I'm still trying to figure out all of the combinations.

peace


----------



## Illum (Aug 26, 2006)

so far I go for _*G*_s


----------



## CLHC (Aug 26, 2006)

I mainly stick with the SF.E series, the first gen and next gen head and tail caps. Right now on my SF.E1, I have the GM body with HAIII(?) head and tailcap (nonclicky) setup. That's all.


----------



## Bryan (Aug 27, 2006)

P series for me!


----------



## Owen (Aug 27, 2006)

I've got some E series compatible stuff: E2e and L4 bodies and tails, Vital Gear F2, Aleph 1 & 2 cell bodies, Aleph2 and 3 heads, along with 2 3w and a 5w light engine, but a HA Aleph2 head on a E2e is the only mix. 
My favorite SFs are the ones featuring the "CombatGrip", though.
Nothing elaborate here. A Z3 w/SRTH, Z3 w/black M2 bezel-they both look MUCH better than with the stock head, IMO, plus a C2-HA. R123s in the C2, so 9V LAs all around. 
I don't really mix and match. Digilight in the C2, Wolf-Eyes D26 in the Z3 w/M2 bezel, N2 in the SRTH, and a spare for each. Have to keep a P90 in the SC1. The "other" brands won't fit...


----------



## lightemup (Aug 27, 2006)

In terms of using them for lego I like the E, P and M series  but my favourite is the M Series as I keep the others mostly in their normal configurations. I've got a M3 and M6, and the bulbs and an A19 to also make a M3T and M4


----------



## BigBaller (Aug 27, 2006)

I use the E series for carry and backup, the P for general tasks/loaner lights and C/M for tactical use, so I guess you could say I like them all.


----------



## nightshade (Aug 27, 2006)

E series here, not only the flexibility of the factory lights, but all the 3rd party add-ons from McGizmo and D.Specks UBH. These additions allow the use of AA batteries, 2-stage and so on.


----------



## schrenz (Aug 27, 2006)

M-series M3 with TH-normal crenelated bezel- different tailcaps (standard twistie, Z48, SW02 or SW01). now the L6 will be one of the next lights , I will purchase.

*@Owen*:
I've never seen a Black M2-bezel, is it taken from a weapon-light?


----------



## Coop (Aug 27, 2006)

E series for me... 

I have an L4 end a E1e, so I can mix & match to make a TW4 or E2e. I also have a strion bulb adapterkit, so it can all run off RCR123 or 17670. Still want to expand the legos with a 1 cell extender, a KL1 and a Vitalgear F2 head...


----------



## Owen (Aug 27, 2006)

schrenz said:


> *@Owen*:
> I've never seen a Black M2-bezel, is it taken from a weapon-light?
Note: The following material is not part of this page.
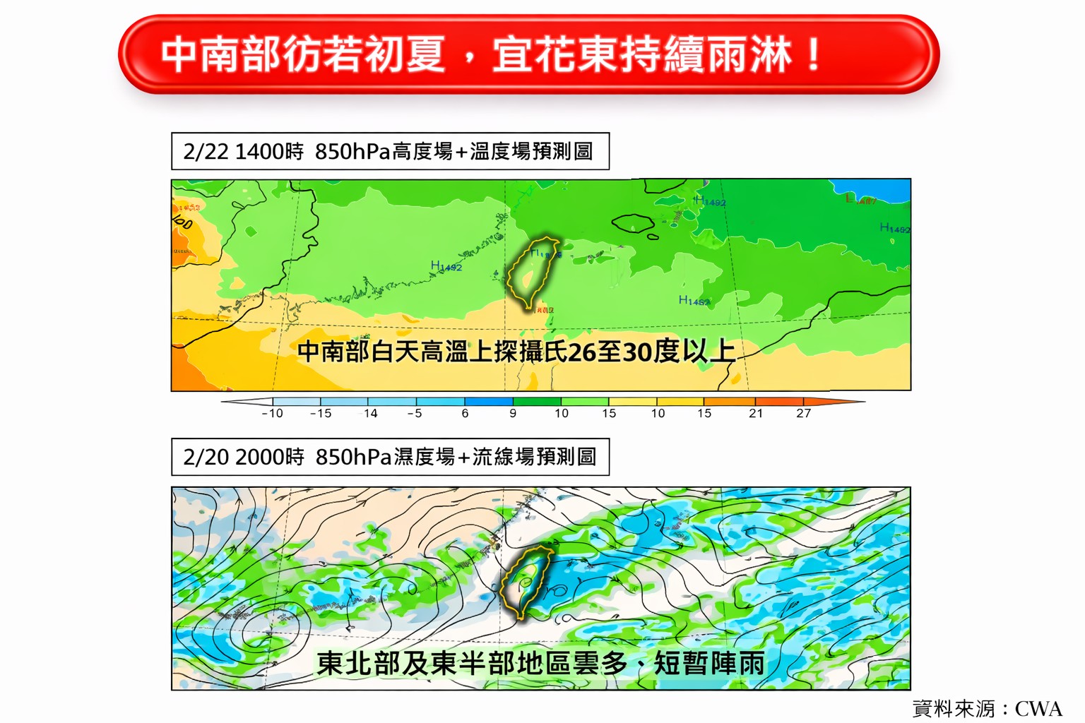 溫度方面,他說,東半部地區高溫可達25至28度,西半部地區白天高溫更在26至30度或以上,澎湖地區24至27度,金門及馬祖地區最高溫也分別在22至25及16至19度之間。

They sell it separately. First one I had was from Lagger-Pro. They didn't show it on their site, so you had to call and ask. This more recent one is from Lighthound, and he has on his SF flashlight bezels page.


----------



## schrenz (Aug 27, 2006)

Thanks,

I'm often on John's side, but I must have ingnored this bezel :laughing: 
Would be nice on my old 9Z or on the 9P.
Still looking for a Z3, this had been a very nice P90 light, don't understand why it is discontinued


----------



## Size15's (Aug 27, 2006)

There are two types of black "M2" bezel.
1) The standard anodised black "M2" bezel:










2) The Hard Anodised black "M2" bezel (from the LU60A Lamp Module for the ScoutLight)


----------



## donn_ (Nov 9, 2008)

How does one accurately tell the difference between the two?


----------



## Butch003 (Nov 9, 2008)

I'm somewhat new to the game and been working around the P/G series. Currently working on a 6PL+A19+Malkoff M60L.


----------



## Sgt. LED (Nov 9, 2008)

I am a C and M man myself.
Name the combo ANY COMBO and I have given it a shot.
My current 2 favorites are:

M3 Led head RPM Ti bezel M4 body Z48 clicky.

C2 bezel Leef 1X18650 body twisty cap Malkoff M30. A Nat anno 6P basically!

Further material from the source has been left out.